"Russet mites are so small that a 14X hand lens is needed to see them. Because of their size, these mites are rarely noticed until plants are damaged. By this time, there may be hundreds of yellowish, conical-shaped mites on the green leaves immediately above the damaged bronzed leaves. (E. T. Natwick, et. al., 2014) University of California Statewide IPM Program
Russet mites are most abundant during hot, dry weather in the mid- and late summer. The russet mite has a high reproductive potential (up to 53 eggs per female) and can complete a life cycle (egg to adult) in a week at warm temperatures. Females live for about 22 days laying eggs on the undersides of leaves, leaf petioles, and stems. Young nymphs tend to feed close to where they hatch. Mite feeding is usually concentrated on the lower part of the plant, but when infestations are severe and plants become heavily damaged, mites will disperse to upper leaves. The females over winter inside plant stems, where branches join main plants, and sometimes in root structures. Indoor populations can remain on plants year round. The mites move towards the top of dying plants and can crawl between closely spaced plants that are touching, and can be carried by the wind or splashing water.
Recommended controls for russet mites
Each control will have its own set of parameters that will be best suited for individual environments. Certain controls may only be available for commercial application.
Commercial farmers are required to reference their own state laws to ascertain if the recommended controls fall within compliance of their states regulatory guidelines.
MECHANICAL AND PHYSICAL CONTROLS
Mite Treatment: Heat Treatments
Russet, Cyclamen or Broad mites are very sensitive to heat. They are more difficult to control in winter than in summer due to lower greenhouse temperatures.
Hot Water Treatment: Soaking infested plants in water held at 111 - 115 degrees F for 15 minutes will destroy these mites without damage to most plants. (Not recommended for Medical or Hemp growers: use Hot Air Treatment)
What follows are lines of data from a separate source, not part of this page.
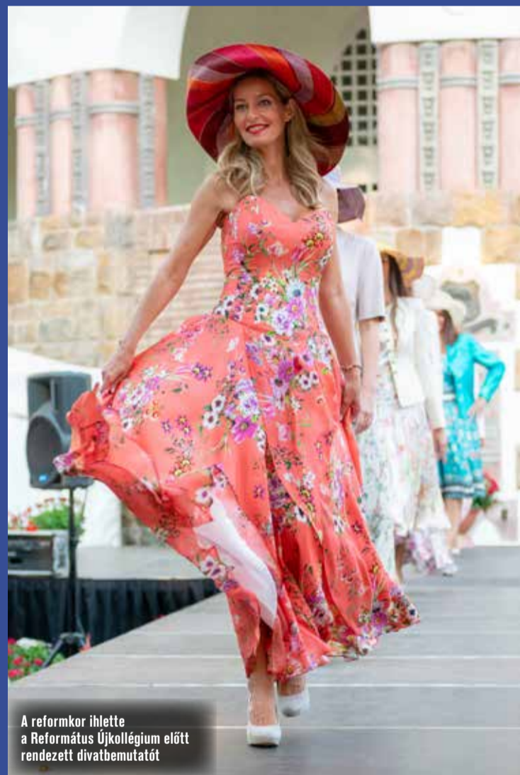
A reformkor ihlette a Református Újkollégium előtt rendezett divatbemutatót

ték a látványelemeket. A lézershow-t különleges hanghatásokkal tették még egyedibbé és felejthetetlenné, így egy olyan produkcióval zárult az augusztus 20-i ünnepség, ami minden várakozást felülmúlt. Ráadásul idén nem károsította a környezetet, és a kutyák nyugalmát, biztonságát sem veszélyeztette a műsor.
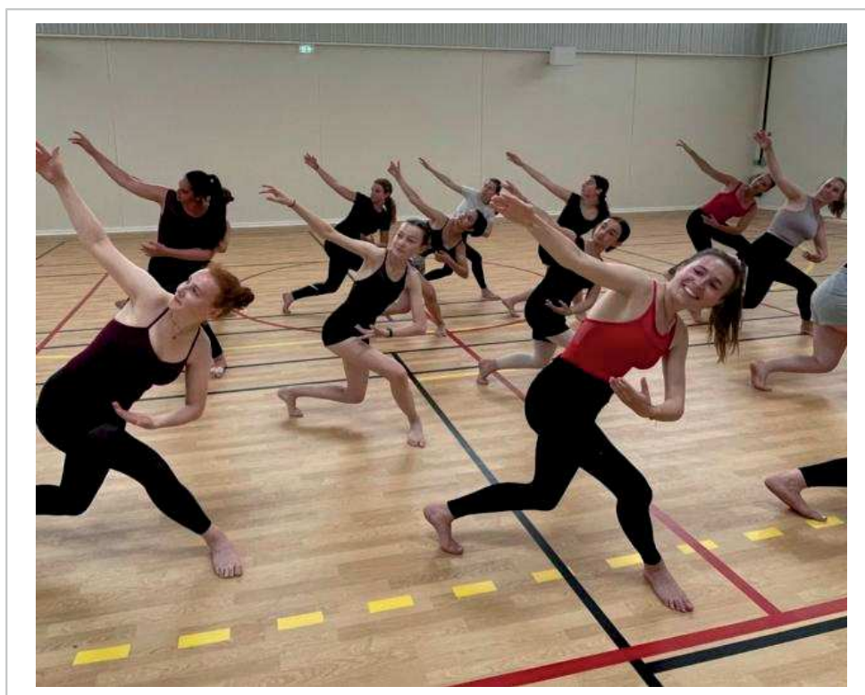
Heureuses de se produire samedi, les danseuses sont fin prêtes pour partager leur plaisir de la danse.

Contact : Valérie Recan bulle.dair.asso@gmail.com ; 06 37 26 92 30. Facebook : Bulle d'air Danse Modern'Jazz - Instagram : bulle_d_air_modern_jazz
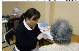
歯科衛生士による個別指導

御所市内には多くの歯科医院があるとのことで、日頃から歯科医院に通われている方も多かったのですが、義歯の状態やかみ合わせなど、高齢者専用の健診項目や口腔指導を受けていただくことで、改めて個々の口腔状態を知っていただき、より良い口腔ケアを実施していただく良い機会となりました。
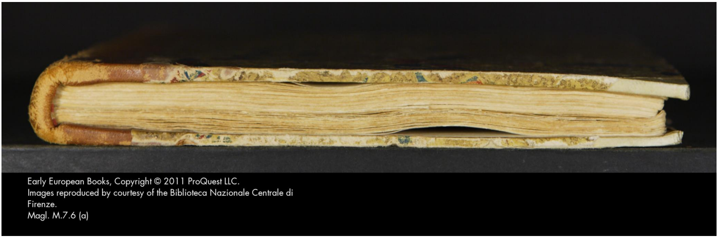
Early European Books, Copyright © 2011 ProQuest LLC. Images reproduced by courtesy of the Biblioteca Nazionale Centrale di Firenze. Magl. M.7.6 (a)
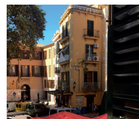
Geschäftswohnung in Palma
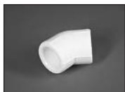
Угольник 45 град.
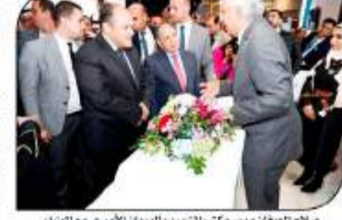
صلاح العرفان مدير مكتب الشهدا بالديوان الأميري مع الوزراء
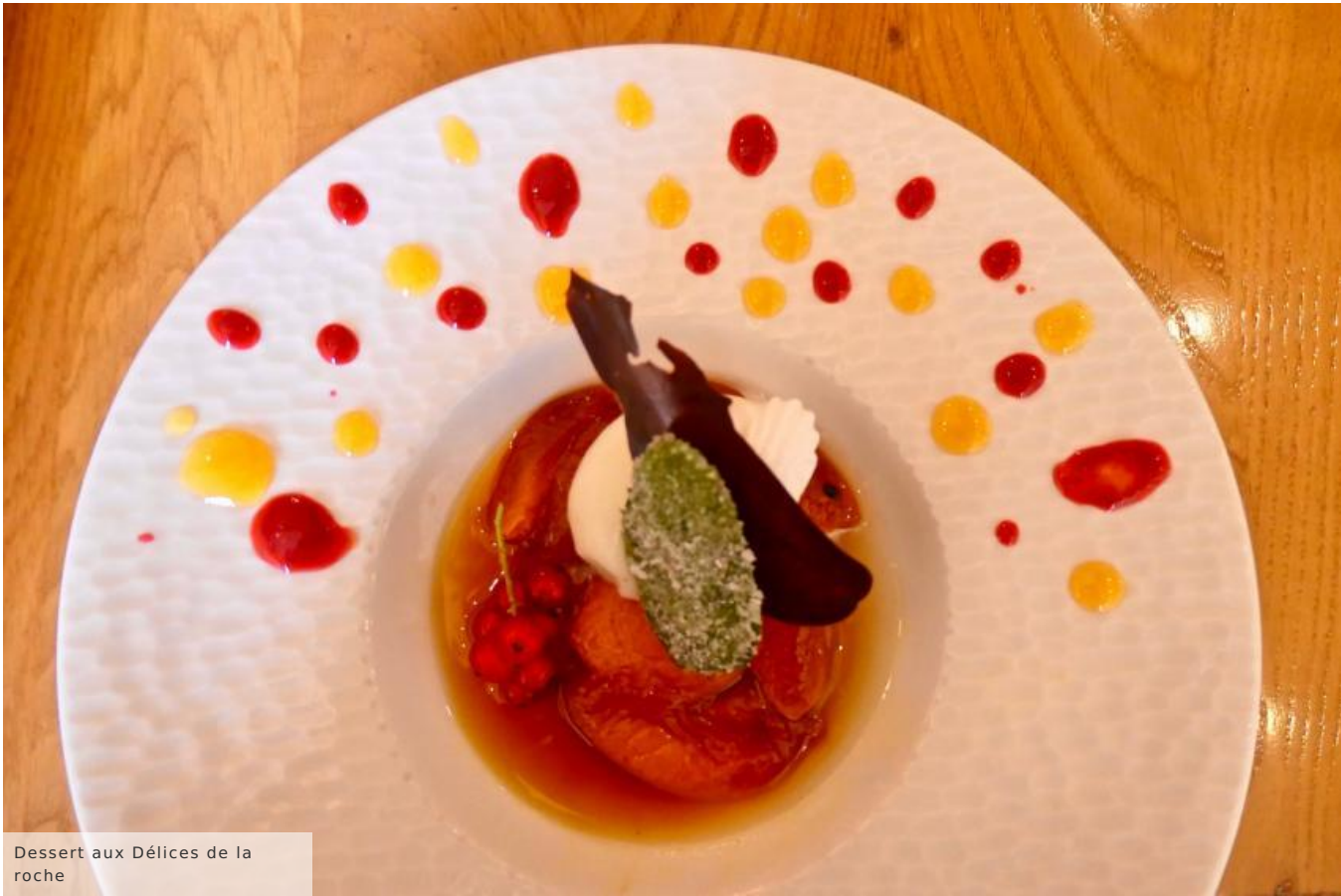
Dessert aux Délices de la roche

Hot Air Treatment: This method can only be used in contained areas (areas or rooms that can be sealed) by raising the air temperature to 115 degrees F for 15 to 20 minutes. Best results were reported with 100% humidity using (at least) two circulation fans to create some vortex1. As all eggs may not be terminated using this method, weekly repeat applications may be necessary to achieve desired results.
Note 1: Fans are usually NOT necessary for small tents, closets, etc. (if installed, use the return air system for re-circulation). NEVER place fans so they are blowing directly on your plants; they will dehydrate.
Note 2: for Cannabis Growers: efficacy of heat treatment is directly proportional to your canopy density: as canopy density increases, heat treatments will become less effective as pest insects will simply retreat into new node formations. Heat treatments are most effective while in veg cycle.